# How to self study CCNA until pass



## eistern82

Hi, i would like to consult from someone who know how to make CCNA exam pass with just self study. Which no attend any practical class. Fully self study. Any best guide and direction? Please List out here and dont send links for refer other thread. I need a direction and need to pass this exam myself without lecturer. I have book and video and some past year exam for reference only. What else do you think must have? Thanks you


----------



## eistern82

any expert guidance here???


----------



## Peterdeol

i teach the cisco track at a college. heres my advise for self study.

get any books that you can. i would recommend the sybex. reason being sybex teaches alot for exam prep. the cisco press is better for reference.
if you need some i can provide.

then get ur self a simulator. check some torrent sites for something called Boson router sim. it comes with prepackaged labs for every cisco cert. unless you have the funds to build a cisco rack this would be your best way.

get your hands on a TON of practice exams. wether they be simulators or dumps.. anything will help.

then study study study your OSI, TCP/IP, and SUBNETTING. just remember no subnet calculators on the exam.

i have ton of resources if you need.

best of luck on your prep work and exam!


----------



## eistern82

Thanks Peterdeol suggestion. I would like to know to know in the CCNA book, regarding to testing the command is there any free software for testing ? I got the boson software but it is not cracked, because not all the command can be use in this software. Do you have any better suggestin:laugh:


----------



## greenbrucelee

I actually know the writer who created the Boson CCNA exam you need to pay them to use it properly and if your using it illegal I will inform him.

You should do the CCNA unless you actually work with CISCO kit, it annoys me that colleges and places are teaching students the CCNA regardless of their experience and they shouldn't do this because it gives students false ideas of what they should do.


----------



## eistern82

thanks greenbrucelee warning. I am looking for the course which may provide in my country. As i tried to study myself, i found a problem at the command section. If doesn't practice enough, it may be hard to pass the exam. Do you have any idea to do self practice on CCNA command prompt?


----------



## greenbrucelee

yeah get some books a couple of hubs and switches and practice but as I said having the CCNA without proper experience and by proper experience I mean working in a job using CISCO kit for a living then getting the CCNA will actually make your job hunt harder.

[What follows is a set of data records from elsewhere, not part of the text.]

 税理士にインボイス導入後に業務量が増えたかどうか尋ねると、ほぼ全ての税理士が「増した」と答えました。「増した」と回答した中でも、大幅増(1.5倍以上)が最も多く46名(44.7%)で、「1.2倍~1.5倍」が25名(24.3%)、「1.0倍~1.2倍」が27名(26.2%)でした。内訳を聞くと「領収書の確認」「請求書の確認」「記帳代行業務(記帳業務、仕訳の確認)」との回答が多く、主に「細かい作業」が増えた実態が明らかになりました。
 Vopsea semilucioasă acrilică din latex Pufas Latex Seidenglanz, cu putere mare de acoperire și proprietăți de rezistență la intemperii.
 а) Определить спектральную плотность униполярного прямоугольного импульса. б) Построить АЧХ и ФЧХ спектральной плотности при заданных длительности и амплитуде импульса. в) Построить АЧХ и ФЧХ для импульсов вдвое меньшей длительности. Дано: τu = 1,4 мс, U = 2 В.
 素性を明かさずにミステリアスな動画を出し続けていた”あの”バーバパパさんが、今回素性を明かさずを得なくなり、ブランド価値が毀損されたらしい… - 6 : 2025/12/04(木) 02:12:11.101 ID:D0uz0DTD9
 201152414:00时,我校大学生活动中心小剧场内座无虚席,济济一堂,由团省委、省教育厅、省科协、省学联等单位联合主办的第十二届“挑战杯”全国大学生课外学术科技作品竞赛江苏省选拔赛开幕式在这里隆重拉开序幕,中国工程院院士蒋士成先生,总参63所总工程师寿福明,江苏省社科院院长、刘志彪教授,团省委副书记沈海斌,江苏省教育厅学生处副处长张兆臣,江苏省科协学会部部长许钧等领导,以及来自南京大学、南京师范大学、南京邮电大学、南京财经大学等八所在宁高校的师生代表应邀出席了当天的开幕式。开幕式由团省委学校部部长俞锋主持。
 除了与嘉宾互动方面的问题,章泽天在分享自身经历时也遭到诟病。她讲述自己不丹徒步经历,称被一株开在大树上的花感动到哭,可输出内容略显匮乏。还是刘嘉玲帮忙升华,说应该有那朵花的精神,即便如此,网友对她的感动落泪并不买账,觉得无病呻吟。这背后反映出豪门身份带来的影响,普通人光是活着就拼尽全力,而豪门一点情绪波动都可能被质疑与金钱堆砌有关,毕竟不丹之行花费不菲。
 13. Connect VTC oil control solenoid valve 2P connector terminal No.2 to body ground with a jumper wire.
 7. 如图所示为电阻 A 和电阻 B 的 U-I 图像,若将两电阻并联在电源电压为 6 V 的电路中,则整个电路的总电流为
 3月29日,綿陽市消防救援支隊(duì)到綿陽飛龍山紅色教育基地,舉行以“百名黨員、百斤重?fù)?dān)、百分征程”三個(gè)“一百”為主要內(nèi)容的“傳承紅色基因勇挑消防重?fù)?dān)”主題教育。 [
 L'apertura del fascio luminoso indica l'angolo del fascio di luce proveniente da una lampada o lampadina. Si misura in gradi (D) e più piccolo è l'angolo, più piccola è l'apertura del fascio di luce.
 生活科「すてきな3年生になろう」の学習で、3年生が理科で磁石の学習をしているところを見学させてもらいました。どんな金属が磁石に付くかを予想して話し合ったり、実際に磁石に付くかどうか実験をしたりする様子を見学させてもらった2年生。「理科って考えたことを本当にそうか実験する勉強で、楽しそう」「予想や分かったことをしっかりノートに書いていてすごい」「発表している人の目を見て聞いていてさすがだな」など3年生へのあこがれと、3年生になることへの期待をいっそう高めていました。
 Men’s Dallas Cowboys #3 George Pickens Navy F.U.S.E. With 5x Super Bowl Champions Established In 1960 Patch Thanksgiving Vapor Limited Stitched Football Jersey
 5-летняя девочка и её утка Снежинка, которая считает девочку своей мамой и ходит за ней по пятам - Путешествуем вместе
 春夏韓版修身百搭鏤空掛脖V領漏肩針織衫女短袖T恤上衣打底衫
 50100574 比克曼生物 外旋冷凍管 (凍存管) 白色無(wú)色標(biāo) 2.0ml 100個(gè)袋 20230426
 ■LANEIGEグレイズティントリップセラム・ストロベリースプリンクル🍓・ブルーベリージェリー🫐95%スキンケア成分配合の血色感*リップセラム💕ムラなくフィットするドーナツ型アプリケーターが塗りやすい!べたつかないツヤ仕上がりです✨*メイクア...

No IT manager in their right mind will hire someone for a job on CISCO kit regardless of their certifications and qualifications if they have no experience.


----------



## cajun33

I work with Cisco everyday and I still took a class. The class was very helpfull. I also used ICND1, ICND2, and the Ciscopress CCNA Flash Card book (which comes with a licensed copy of Bosun). There is also something called PacketTracer with is better than Bosun but you can only get it legally from the Cisco Academy.


----------



## greenbrucelee

you can only get packet tracer legally from Cisco acadamy and you have to keep paying them if you want to keep using it after you have stopped learning.

The Boson practice exams are good though.


----------